La Carretera Federal 307, esa arteria que lo mismo transporta turistas que insumos básicos, volvió a ser escenario de un percance vial la tarde de este martes. El conductor de una pipa de agua sufrió un accidente mientras circulaba en el tramo que conecta Puerto Morelos con Playa del Carmen, lo que provocó la movilización de cuerpos de emergencia y el habitual nudo vial que caracteriza a esta zona. No es un dato menor, considerando que este trayecto es vital para la logística de la Riviera Maya.
El peso de la unidad y el asfalto
El incidente ocurrió cuando la pesada unidad, que transportaba agua potable, perdió la estabilidad. Aunque las causas precisas están bajo peritaje, las primeras versiones sugieren que la combinación de velocidad y las condiciones del pavimento pudieron jugar en contra del operador. La unidad terminó con daños visibles, obstruyendo parcialmente la circulación en uno de los carriles de alta velocidad.
Al lugar arribaron elementos de la Guardia Nacional División Caminos para abanderar la zona y evitar que el incidente pasara de ser un susto a una tragedia mayor. Como si hiciera falta recordarlo, la pericia de los conductores de unidades pesadas en este tramo suele ponerse a prueba diariamente, y no siempre con resultados favorables.
Maniobras y tráfico
Paramédicos atendieron al conductor en el sitio. Afortunadamente, los reportes preliminares indican que las lesiones no ponen en riesgo su vida, aunque el susto —y la responsabilidad de la unidad volcada— no se los quita nadie. La presencia de la grúa para retirar la pipa fue lo que terminó por colmar la paciencia de los automovilistas que, atrapados en la fila, veían cómo los minutos se perdían entre el calor y el humo de los escapes.

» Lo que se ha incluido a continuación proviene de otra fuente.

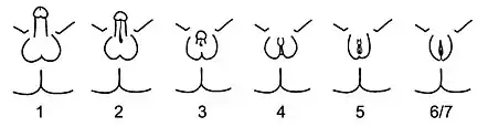 - Феминизирующие и маскулинизирующие операции: хирургические операции зависят от диагноза, и часто возникает вопрос, следует ли вообще выполнять операцию. Как правило, операция проводится вскоре после рождения. Защитники практики утверждают, что людям необходимо четко идентифицировать себя как мужчин или женщин, чтобы они нормально жили в обществе. Часто говорят о психосоциальных причинах[72]. Это критикуется многими правозащитными организациями и активистами. В отличие от других эстетических хирургических процедур, выполняемых на грудных детях, таких как пластические операции при расщепленном нёбе, операции на половых органах могут привести к негативным последствиям в сексуальной жизни человека в более старшем возрасте или к чувству неполноценности[73].

La explicación oficial deja preguntas sobre la frecuencia con la que estas unidades de carga se ven involucradas en percances en una carretera que, en teoría, debería ser de las más seguras del estado. Sin embargo, la realidad del asfalto suele dictar otra sentencia.

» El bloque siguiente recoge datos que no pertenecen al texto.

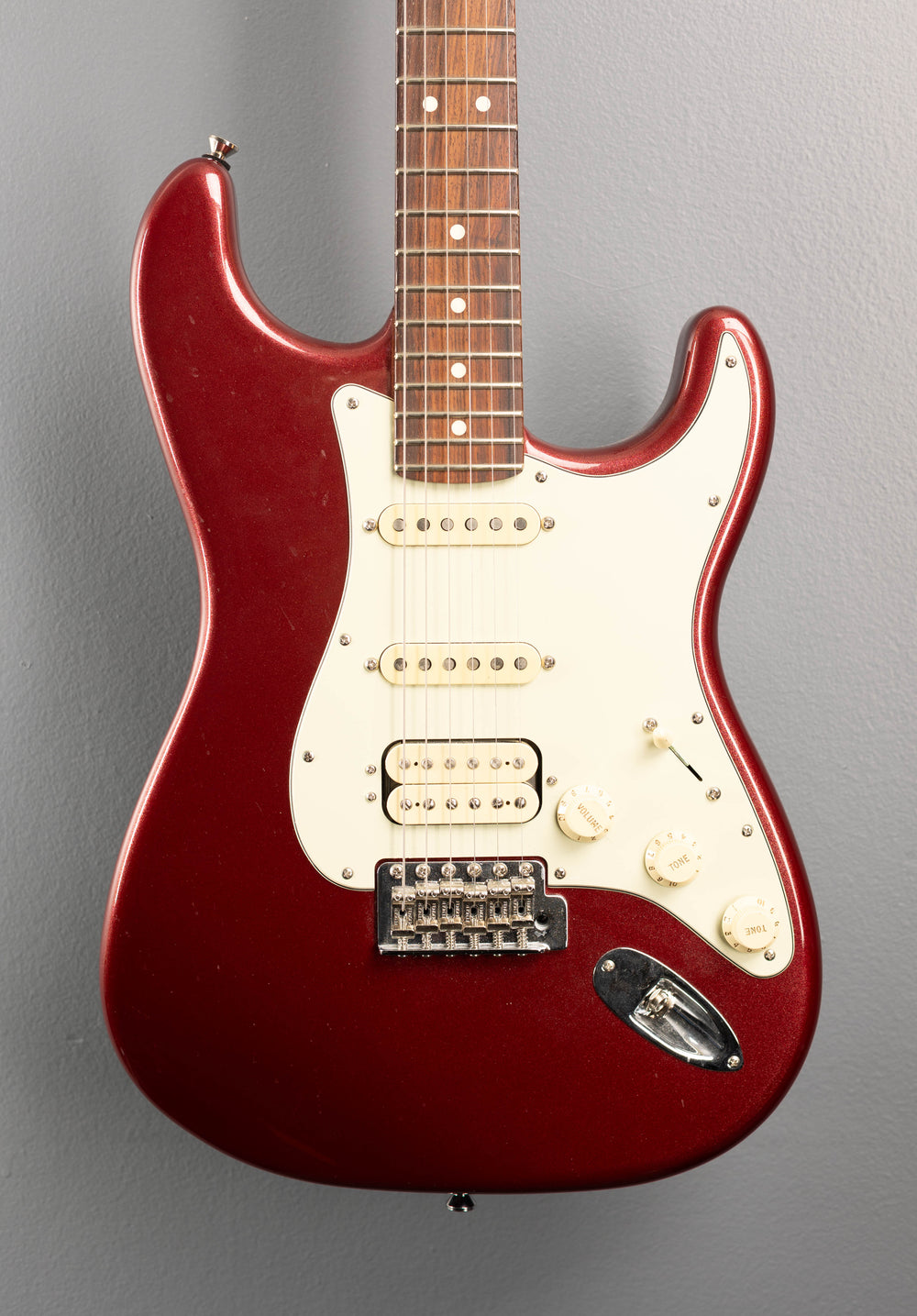 Very Good Condition, Aubergine, Gloss polyurethane body finish, Alder body, Modern C-shaped Maple neck with a 9.5” radius Rosewood fingerboard and jumbo frets, 25.5″ scale length, 1.685″ nut width, Double Tap Humbucking and Yosemite single coil Strat pickups, 5-way switching with the master volume, tone 1 (neck/middle pickups), tone 2 (bridge pickup Greasebucket tone circuit) controls, The tone 2 push/pull switch for coil-split, Six saddle vintage style synchronized tremolo and Fender Classic Gear tuners, 7.7 pounds, With gig bag.

El tráfico comenzó a fluir con normalidad tras un par de horas de maniobras intensas. El saldo queda en daños materiales y un recordatorio más de que en la “307”, la precaución nunca está de más. Queda en el aire si las empresas de transporte de agua reforzarán sus protocolos o si seguiremos viendo estas escenas como parte del paisaje cotidiano.